West also says the story incorrectly identified her as Stella Black’s “entertainment lawyer” and that the place where her name was introduced in the story, at the top of the middle column, exacerbated the damage to her reputation by making it more likely that people would see it.
Many people did, including some of her professional colleagues, family members and friends, West says.
After deliberating for about two hours, the jury awarded West $10,000 in actual damages and $30,000 in punitive damages.
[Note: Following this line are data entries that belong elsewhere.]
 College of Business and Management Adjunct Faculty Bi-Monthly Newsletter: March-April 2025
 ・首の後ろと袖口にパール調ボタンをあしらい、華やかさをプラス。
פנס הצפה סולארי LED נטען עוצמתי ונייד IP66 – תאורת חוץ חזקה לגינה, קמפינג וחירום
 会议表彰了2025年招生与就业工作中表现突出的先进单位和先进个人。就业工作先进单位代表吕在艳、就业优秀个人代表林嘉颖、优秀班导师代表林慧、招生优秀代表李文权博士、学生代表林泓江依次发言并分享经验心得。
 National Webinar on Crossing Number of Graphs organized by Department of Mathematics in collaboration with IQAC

The trial lasted two days.
The defendants in the case were City Paper Publisher and majority owner Paul Blake, 32; City Paper co-owner and Editor-in-Chief Todd Morehead, 33; and the publication itself, which is published every other week.
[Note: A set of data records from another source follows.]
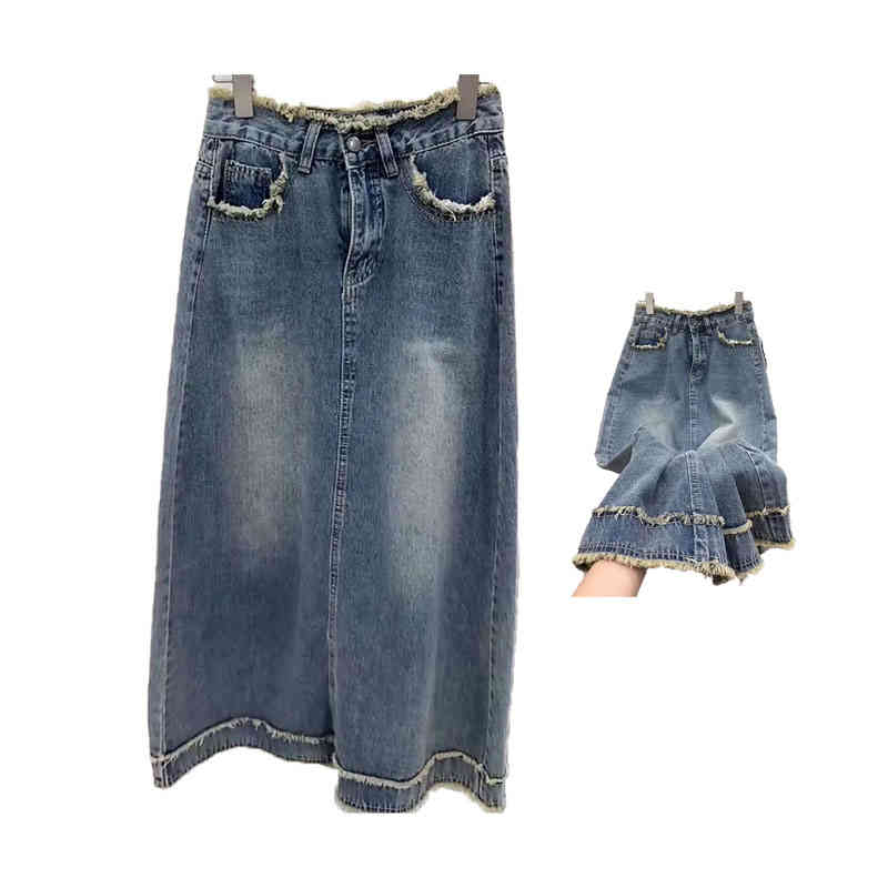 デニム ハイウエスト カジュアルスカート アウター ロングスカート 春夏秋 デニム スカート プリンジ付き ボトムス ライン スカート
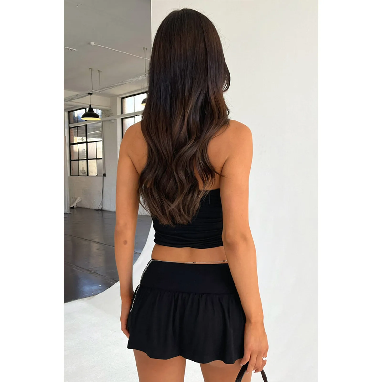 • (Estilo) Este conjunto de falda Y2K incluye un top corto sin tirantes que realza el busto, un corte ajustado con tirantes fruncidos y una minifalda con pantalones cortos forrados de doble capa para una cobertura moderada.
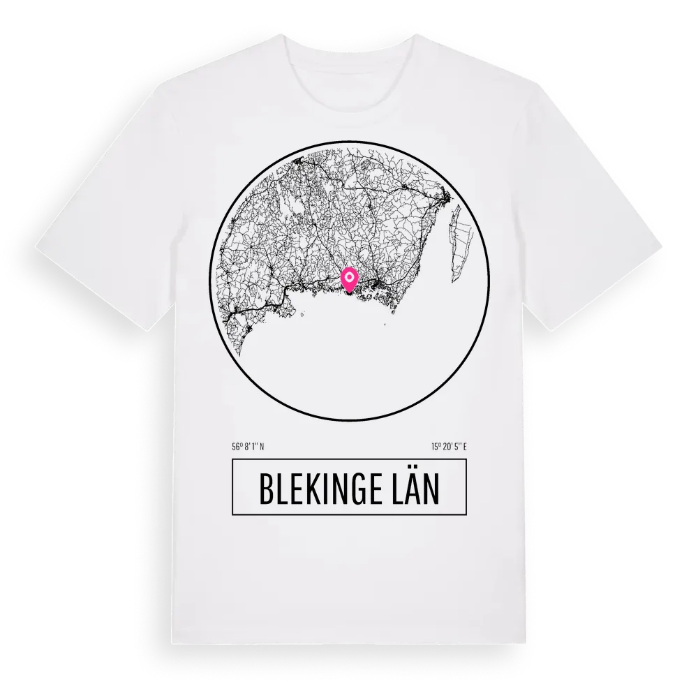 Blekinge Län t-shirt är inspirerad av Blekinge Län i Blekinge län, Sverige. Tröjan är designad för dig som har en speciell koppling till platsen – oavsett om du bor här, har rötterna här eller bara älskar Blekinge Län.

Morehead wrote the story. “It’s not been fun,” he says of the case.
Any post-trial motions the defendants wanted to file, such as a request for the damages to be lowered or thrown out, were due June 10.
“We’re definitely going to be appealing the jury’s decision, for sure,” Blake says. “We’re pretty confident the First Amendment will prevail.”
Jake Moore, an attorney in West Columbia, represented West. “We’ll certainly respond to whatever they move,” Moore says. He says he doesn’t think the defendants have much room for an appeal. “We thought we had a very strong case going in,” Moore says.
Moore and West say the City Paper did not try to contact her for comment prior to publishing the story.
Blake confirms that. “The story was never really about her, so that’s correct,” he says.
The paper also declined to print a retraction when Moore requested one, according to Moore and West.
Blake says the publication ran a clarification stating that the passages in question did not refer to any specific attorney and offered West space in its pages to respond to the story. “There’s no conspiracy against Rebecca West,” he says.
Says West of the clarification, “It wasn’t even addressing what I found to be offensive.”
For the City Paper, a scrappy, bomb-throwing alternative newspaper that has tried with middling results to carve out a niche in the Columbia market, the jury verdict is a punishing blow.
“We’re hoping the paper is going to take care of that part of it,” Morehead says of the $40,000 in damages. “But, you know, we’ll see how it goes.”
Moore says he will exercise the full range of options to collect the money.